-------- Listed records --------

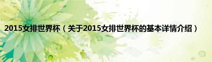 本文关于2015女排世界杯的基本详情介绍就讲解完毕,希望对大家有所帮助。
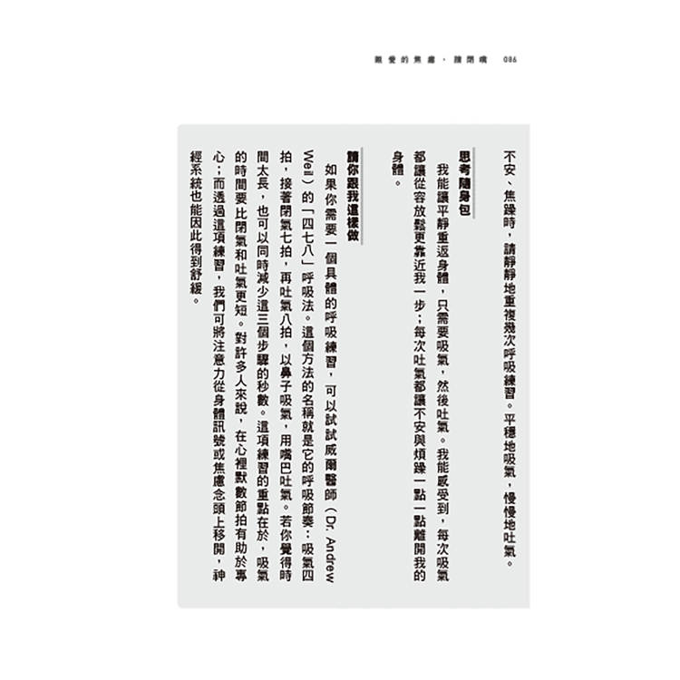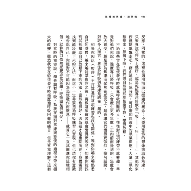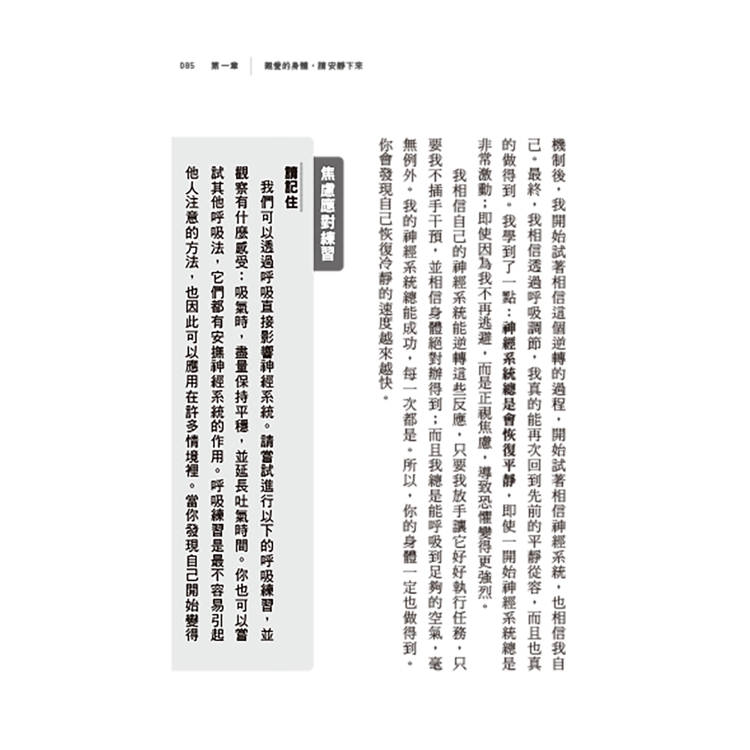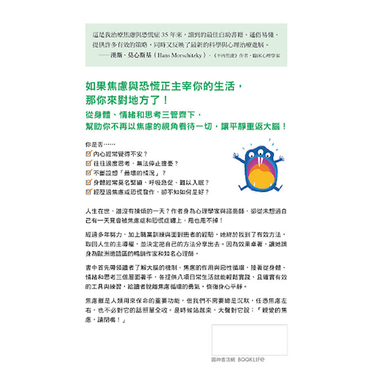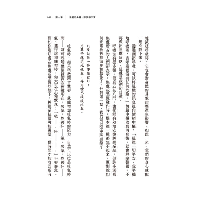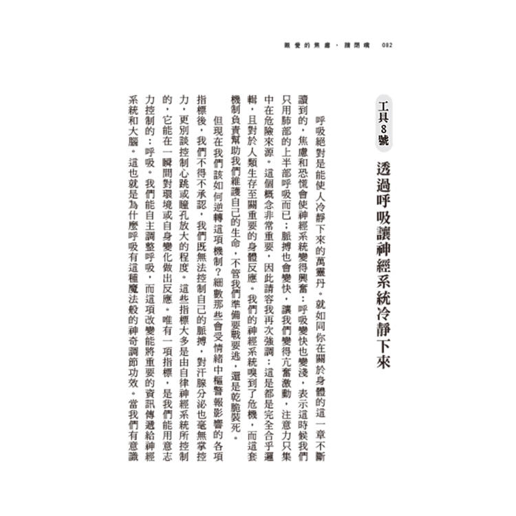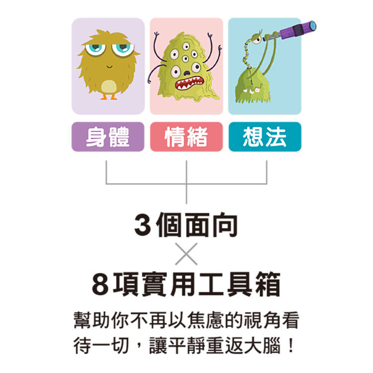 書中首先帶領讀者了解大腦的機制、焦慮的作用與惡性循環,接著從身體、情緒和思考三個層面著手,各提供八項日常生活就能輕鬆實踐、且確實有效的工具與練習,給讀者脫離焦慮循環的勇氣,恢復身心平靜。
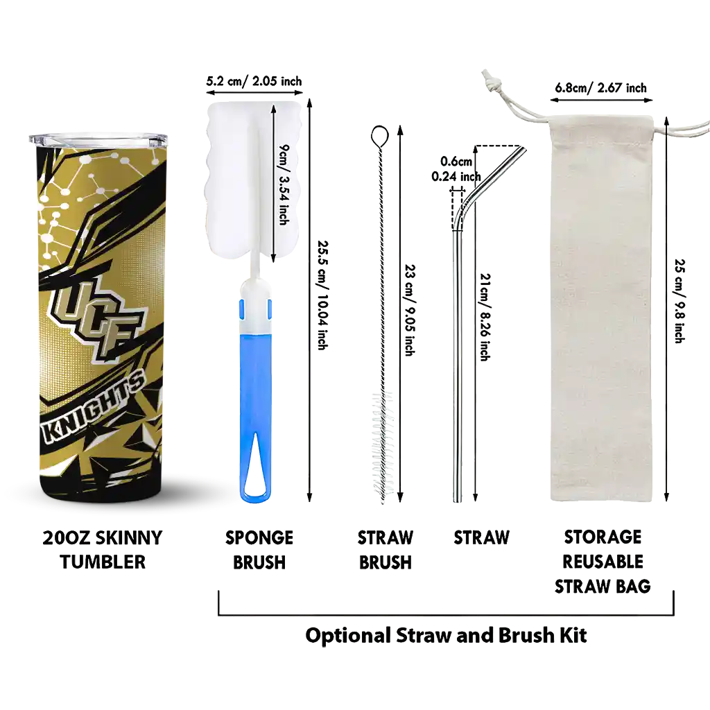 The Customized UCF Knights Helmet Clash Gold Skinny Tumbler tumbler is the perfect way to stay refreshed while showing off your pride for UCF Knights. With its double-wall insulation, your drinks stay at the right temperature for hours, whether you're enjoying a hot coffee or keeping your iced drink cold. What's inside? You’ll find 1 stainless steel tumbler, 1 clear lid, and 1 removable straw. It's the perfect blend of function and fan spirit! Ergonomically designed for comfort, made from durable stainless steel, and insulated to maintain your drink’s temperature, this tumbler is a must-have for any dedicated NCAA fan.
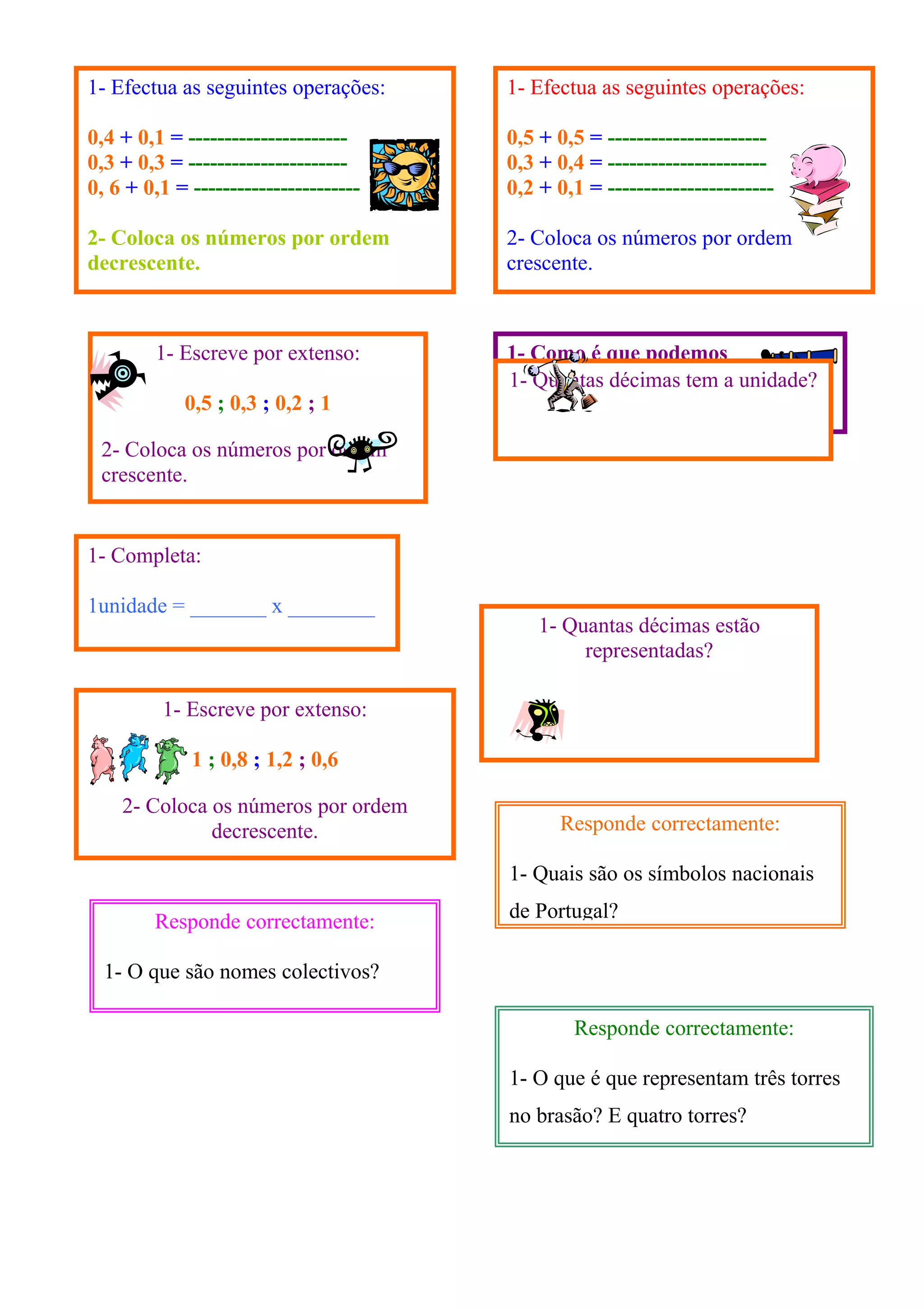 O documento contém vários exercícios matemáticos envolvendo adição e ordenação de números decimais. Os exercícios incluem adicionar e ordenar números decimais, escrever números decimais por extenso, representar quantidades em décimas e completar expressões matemáticas.
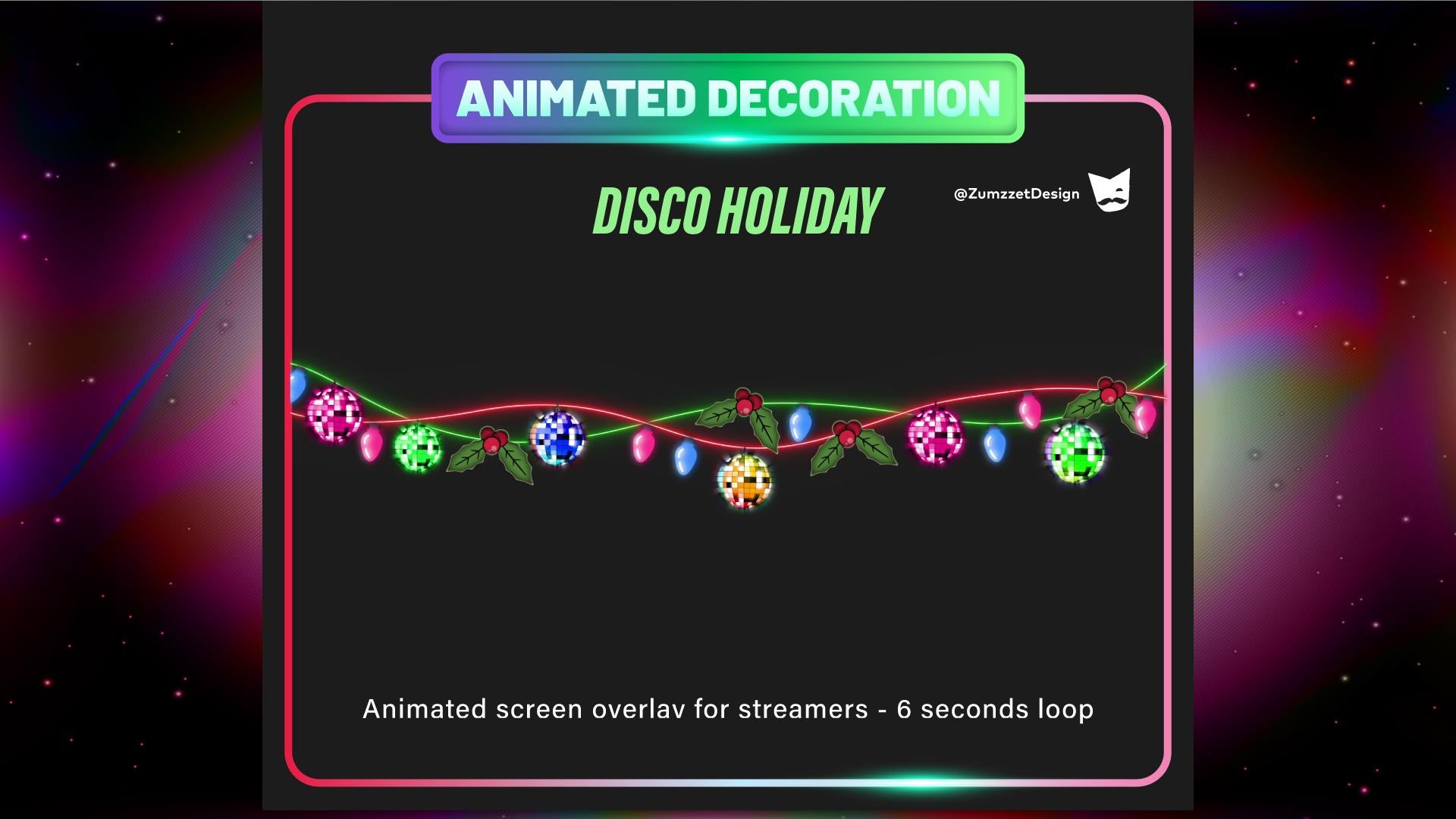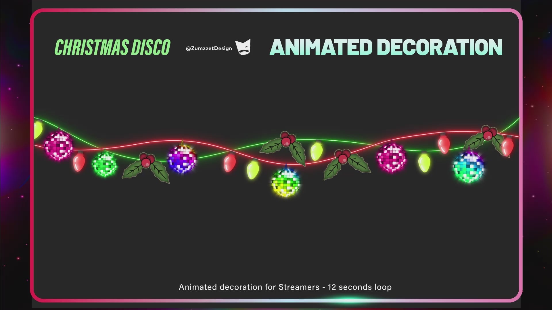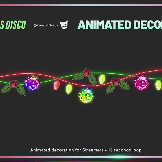 Disco Christmas Light Chains Animated Stream Decorations, Rave Party String Lights Twitch Overlay, Christmas Light Decoration for Streamers
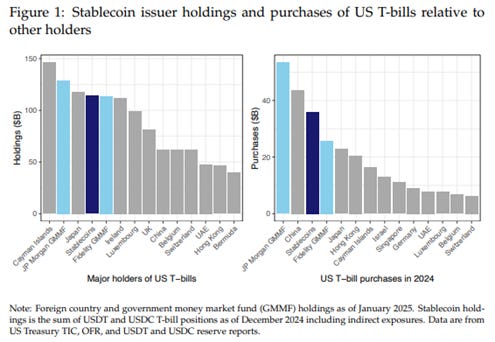 Stablecoin issuers are already one of the largest buyers of Treasury bills, larger even than the entire nation of Japan, per Ahmed and Aldasoro (2025):
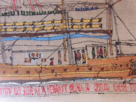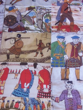 The reverse images show firstly Cope's arrival at Berwick on Tweed to confirm the news of his defeat to Lord Kerr - as lampooned in 1745 which cartoon was Andrew Crummy's starting point for the total design of our tapestry. The second reverse image is of L'Elisabeth taking 700 French soldiers aboard at La Belle Isle - this ship engaged HMS Lion in battle off The Lizard a few days later and had to turn back from the damages it sustained including the death of its Captain. L' Elisabeth never reached Scotland although du Teillay sailed on to Eriskay.
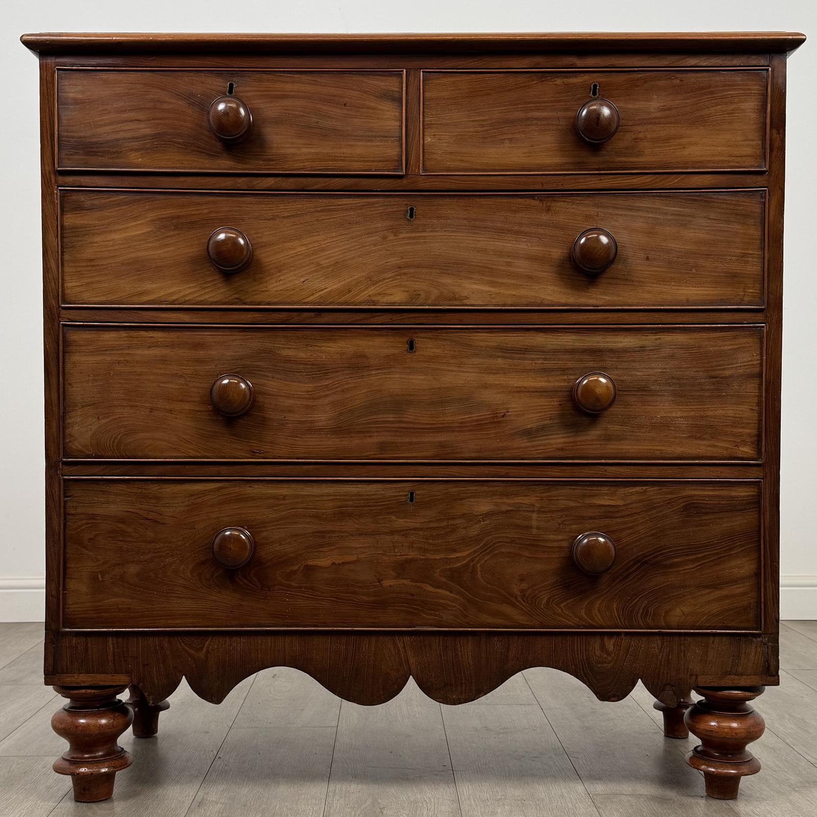 Standing on elegant turned legs, the chest displays beautiful figuring across the drawer fronts along with a rich, warm mahogany grain and colour throughout. The combination of practical storage and refined design makes this a highly functional yet decorative piece.
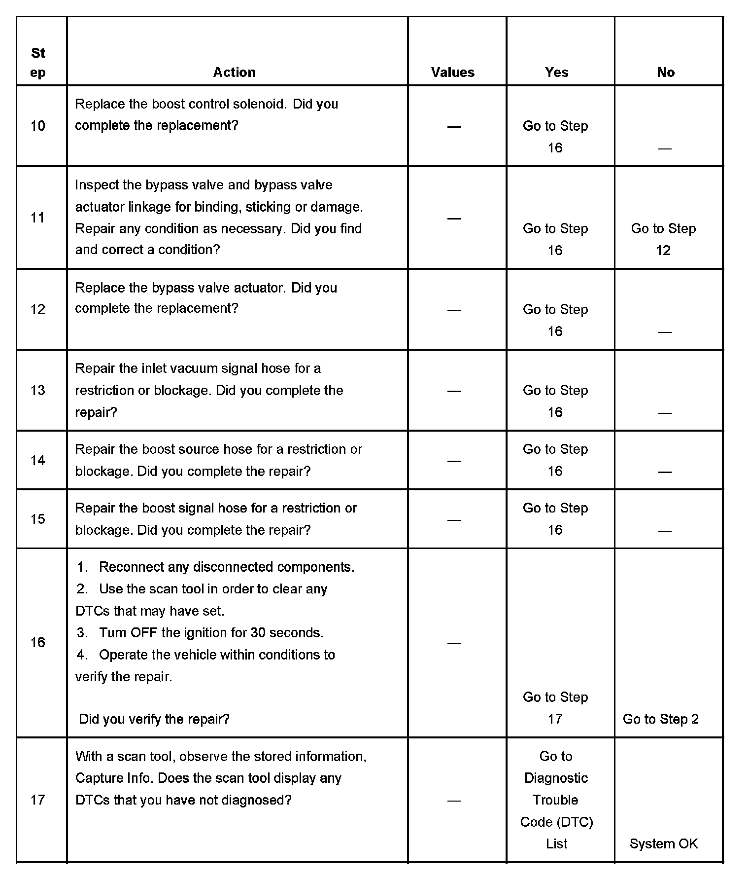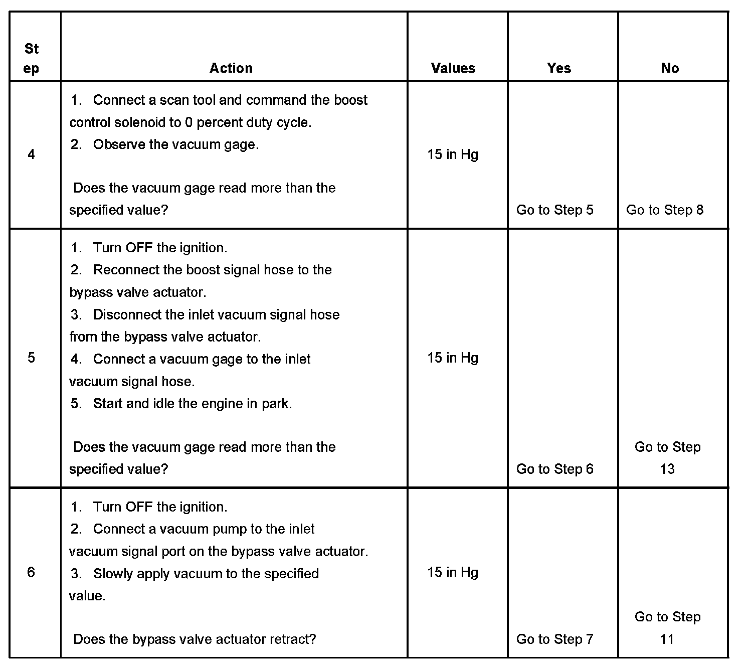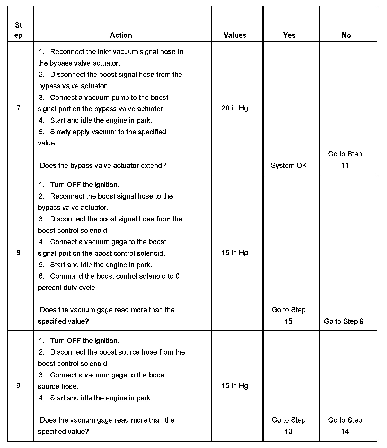 The PCM controls boost pressure by using the boost control solenoid. The boost control solenoid is a normally open valve. Under most conditions, the PCM commands the boost control solenoid to operate at a 100% duty cycle. This keeps the solenoid valve closed and allows only inlet vacuum to control the position of the bypass valve. At idle, engine vacuum is applied to the upper side of the bypass valve actuator, counteracting spring tension to hold the bypass open. As engine load is increased, engine vacuum is decreased, causing the spring in the bypass valve actuator to overcome the applied vacuum, closing the bypass valve and allowing the boost pressure to increase. When reduced boost pressure is desired, the PCM commands the boost control solenoid to operate at a 0 percent duty cycle. This opens the solenoid valve and allows boost pressure to enter the bypass valve actuator at the lower side to counteract the spring tension, opening the bypass valve and recirculating excess boost pressure back into the supercharger inlet.
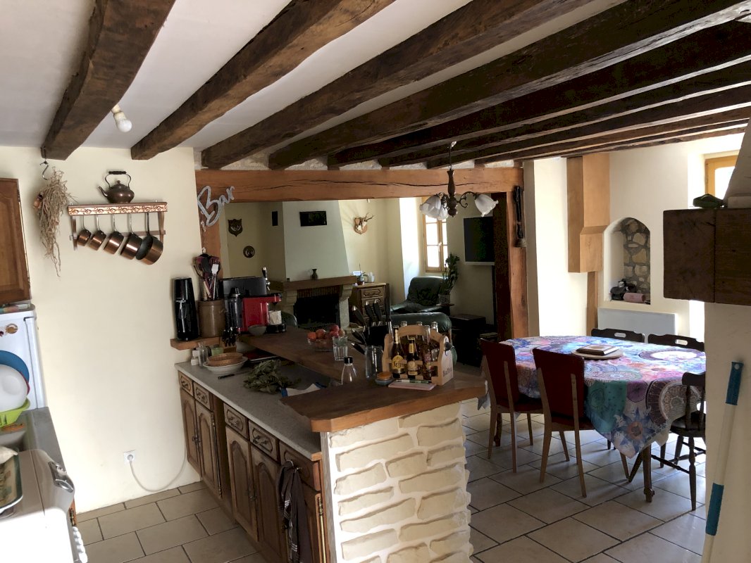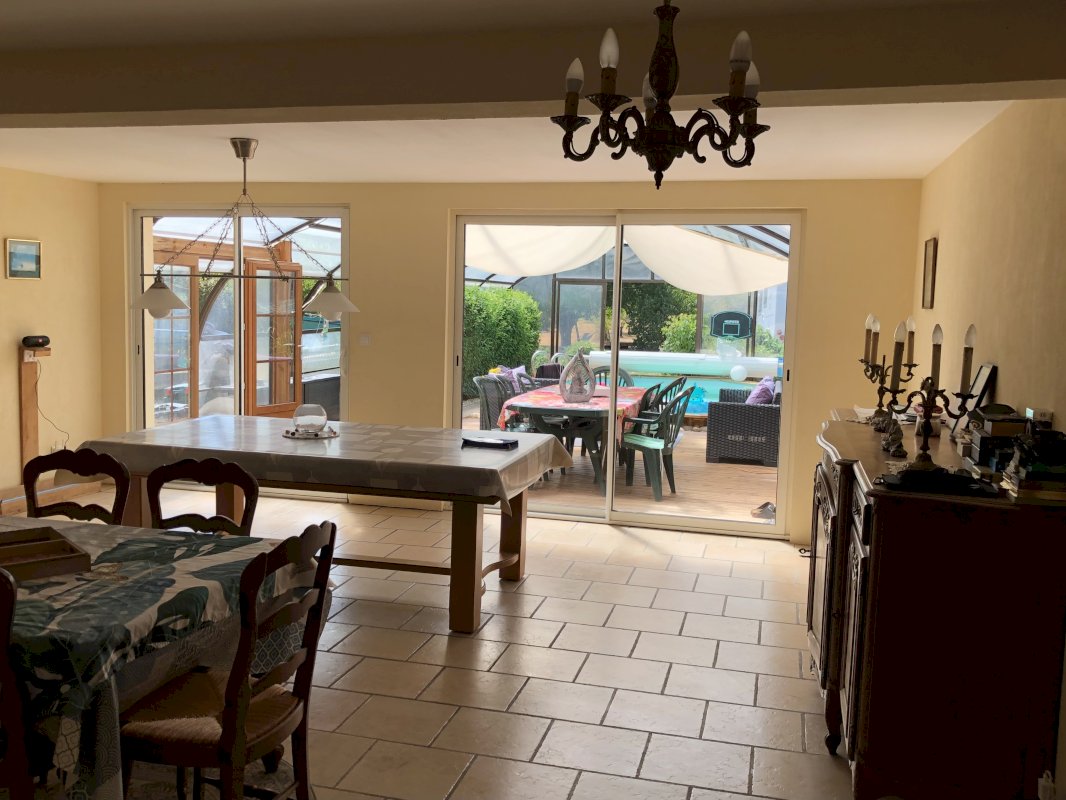 Dans la maison : grande salle à manger avec 2 baies vitrées donnant sur la véranda et un insert double face, un grand salon / cuisine avec insert, grande salle de bain, wc séparés, une grande cave semi enterrée, un grand garage isolé pour 2 voitures.

--------

**Exercise instructions**
Reproduce, word for word, everything in the listing above from the line containing "Disco Christmas Light" down to the line containing "The PCM controls", both of them included. No pictures.

**Result of the exercise**
 Disco Christmas Light Chains Animated Stream Decorations, Rave Party String Lights Twitch Overlay, Christmas Light Decoration for Streamers
 Stablecoin issuers are already one of the largest buyers of Treasury bills, larger even than the entire nation of Japan, per Ahmed and Aldasoro (2025):
 The reverse images show firstly Cope's arrival at Berwick on Tweed to confirm the news of his defeat to Lord Kerr - as lampooned in 1745 which cartoon was Andrew Crummy's starting point for the total design of our tapestry. The second reverse image is of L'Elisabeth taking 700 French soldiers aboard at La Belle Isle - this ship engaged HMS Lion in battle off The Lizard a few days later and had to turn back from the damages it sustained including the death of its Captain. L' Elisabeth never reached Scotland although du Teillay sailed on to Eriskay.
 Standing on elegant turned legs, the chest displays beautiful figuring across the drawer fronts along with a rich, warm mahogany grain and colour throughout. The combination of practical storage and refined design makes this a highly functional yet decorative piece.
 The PCM controls boost pressure by using the boost control solenoid. The boost control solenoid is a normally open valve. Under most conditions, the PCM commands the boost control solenoid to operate at a 100% duty cycle. This keeps the solenoid valve closed and allows only inlet vacuum to control the position of the bypass valve. At idle, engine vacuum is applied to the upper side of the bypass valve actuator, counteracting spring tension to hold the bypass open. As engine load is increased, engine vacuum is decreased, causing the spring in the bypass valve actuator to overcome the applied vacuum, closing the bypass valve and allowing the boost pressure to increase. When reduced boost pressure is desired, the PCM commands the boost control solenoid to operate at a 0 percent duty cycle. This opens the solenoid valve and allows boost pressure to enter the bypass valve actuator at the lower side to counteract the spring tension, opening the bypass valve and recirculating excess boost pressure back into the supercharger inlet.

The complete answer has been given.